Suitable disintegrants (as defined, for example, in Rowe et al., Handbook of Pharmaceutical Excipients , 6th Edition (2009)) that can be used in lozenges include cellulose derivatives such as hydroxypropylcellulose (HPC), low-substituted HPC, methyl cellulose, ethyl hydroxyethyl cellulose, carboxymethyl cellulose calcium, carboxymethyl cellulose sodium, microcrystalline cellulose, modified cellulose gum; starch derivatives such as suitably cross-linked starch , modified starch, hydroxypropyl starch and pregelatinized starch; and other disintegrants such as calcium alginate, sodium alginate, alginic acid, polyglucosamine, colloidal silicon dioxide, docusate sodium , guar gum, magnesium aluminum silicate, polacrilin potassium (polacrilin potassium) and polyvinylpyrrolidone. Combinations of two or more disintegrants may be used.

Preferred disintegrants include so-called "superdisintegrants" (as defined for example in International Journal of Pharmaceutical Sciences Review and Research , 6 , 105 (2011)), such as cross-linked polyvinylpyrrolidone, sodium starch glycolate and croscarmellose sodium. Combinations of two or more superdisintegrants can be used.

When disintegrants and/or superdisintegrants are used in lozenges, they may be used in an amount (eg, total amount) between 0.5 and 15% by weight based on the total weight of the composition. A preferred range is 1 to 8% by weight, such as about 2% to about 7% by weight (eg about 5% by weight, such as about 4% by weight).

If present, the binder is preferably used in an amount between 0.5% and 20% by weight, based on the total weight of the tablet formulation. A preferred range is 1.0 to 15% by weight, such as about 2.0 to about 12% by weight (eg about 10% by weight). Suitable binders include cellulose gum and microcrystalline cellulose.

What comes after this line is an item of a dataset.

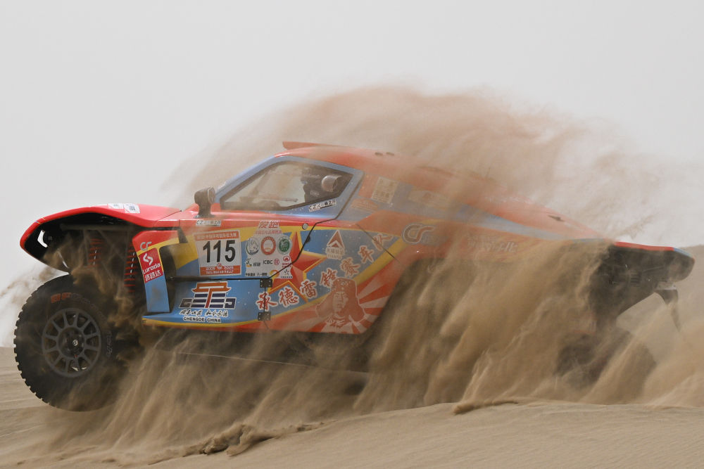 2025年5月28日,明源實(shí)業(yè)·承德雷鋒CR7車(chē)隊(duì)車(chē)手孫昊、領(lǐng)航員王東東在比賽中。當(dāng)日,2025中國(guó)環(huán)塔國(guó)際拉力賽第八賽段在新疆喀什地區(qū)葉城縣進(jìn)行。新華社記者 辛悅衛(wèi) 攝
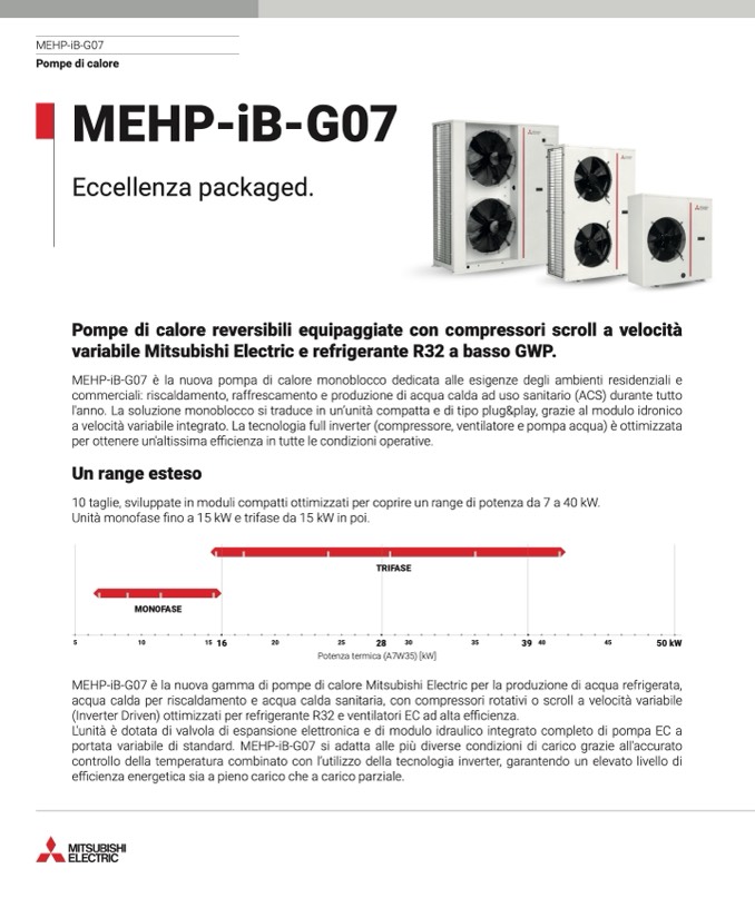 MEHP-iB-G07 è la nuova gamma di pompe di calore Mitsubishi Electric per la produzione di acqua refrigerata,

As described herein, the compositions of the present invention are preferably prepared by spray-drying methods.

Dosage forms comprising the compositions of the invention, whether in powder form or otherwise, may otherwise be prepared by standard techniques and using standard equipment known to those skilled in the art. In this regard, the composition of the present invention can be combined with conventional pharmaceutical additives and/or excipients used in the art for the relevant preparations and incorporated into various types of pharmaceutical preparations using standard techniques in order to prepare Dosage forms of the compositions of the present invention (see, e.g., Lachman et al., " The Theory and Practice of Industrial Pharmacy ", CBS, 4th Edition (2015); " Remington: The Science and Practice of Pharmacy ", Troy (ed.), Elsevier , 23rd Edition (2020); and/or "Aulton's Pharmaceuticals: The Design and Manufacture of Medicines ", Taylor and Aulton (eds.), Elsevier, 5th Edition, 2017).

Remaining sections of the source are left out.